The Anticlock

I sat for hours with Christian Marclay’s The Clock. Watches, bedside alarms, station clocks high on the wall. Ticking hands, glowing digits, faces devoid of numbers. You forget where you are. The theater was cool but full, the kind of room where you become aware of your own breathing.

At four in the morning, figures drifted between sleep and waking. Someone startled by a phone. Someone smoking in the near-dark, the ember the only sure thing. A hand reaching toward a clock on the nightstand. By seven the light had changed. Blinds drawn up. The sound of a kettle. Slippers on a wooden floor. The whole world resuming at once. You could feel it in the room, too—people shifting in their seats, the day already claiming them.

Afterward I kept thinking about it.
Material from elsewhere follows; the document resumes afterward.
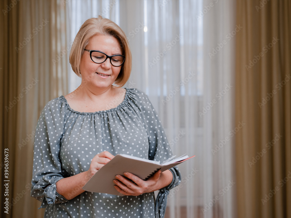 Portrait of a beautiful well-groomed Pensioner 50-60 years old in the room.

Not the film exactly, but the habits it exposed. How much of the way we feel time is convention. Inherited. I made something I call the Anticlock. Its hands move counter-clockwise, after the direction of Arabic, Hebrew, Syriac, Samaritan, some of these ancient. Even in countries where those scripts are read, clocks still turn in the universal way. That seemed worth noticing. The round face is familiar. The motion is not. It’s a small disorientation, but it opens something. You watch the hands and for a moment you are outside of everything you know.
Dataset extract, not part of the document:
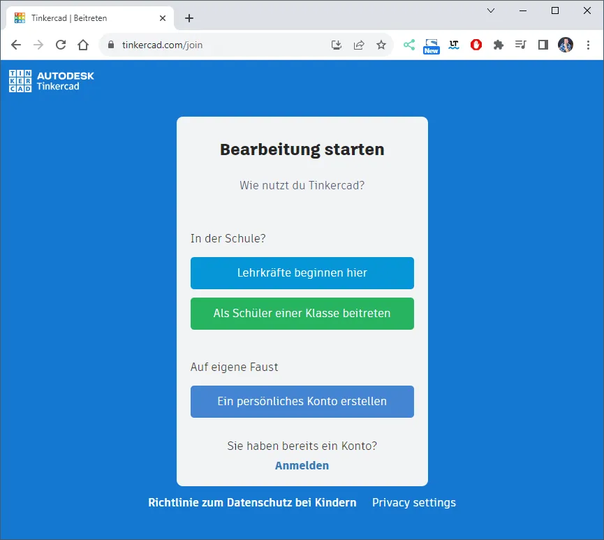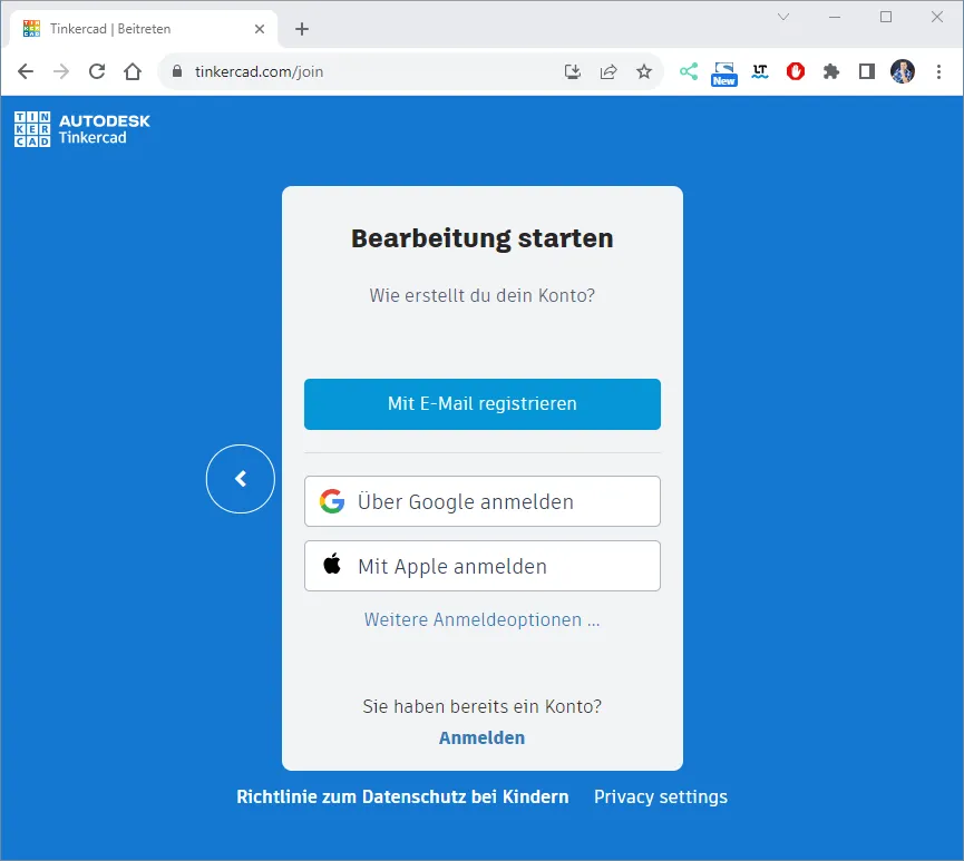 Damit du TinkerCAD verwenden kannst, musst du dir zunächst ein Konto anlegen. Dieses kannst du ein bestehendes Google oder Apple Konto machen. Oder du erstellst dir mit deiner E-Mail-Adresse ein eigenes Konto.

There is research showing that people who read left to right imagine events moving that way in space, a current running beneath thought. Marclay strips the ordinary passage of hours down to its images, its cuts. The Anticlock strips it down to its machinery. Both ask the same question, really. Whether we live inside time or inside the way time has been presented to us.

Time doesn’t change. But we might learn to hold it differently.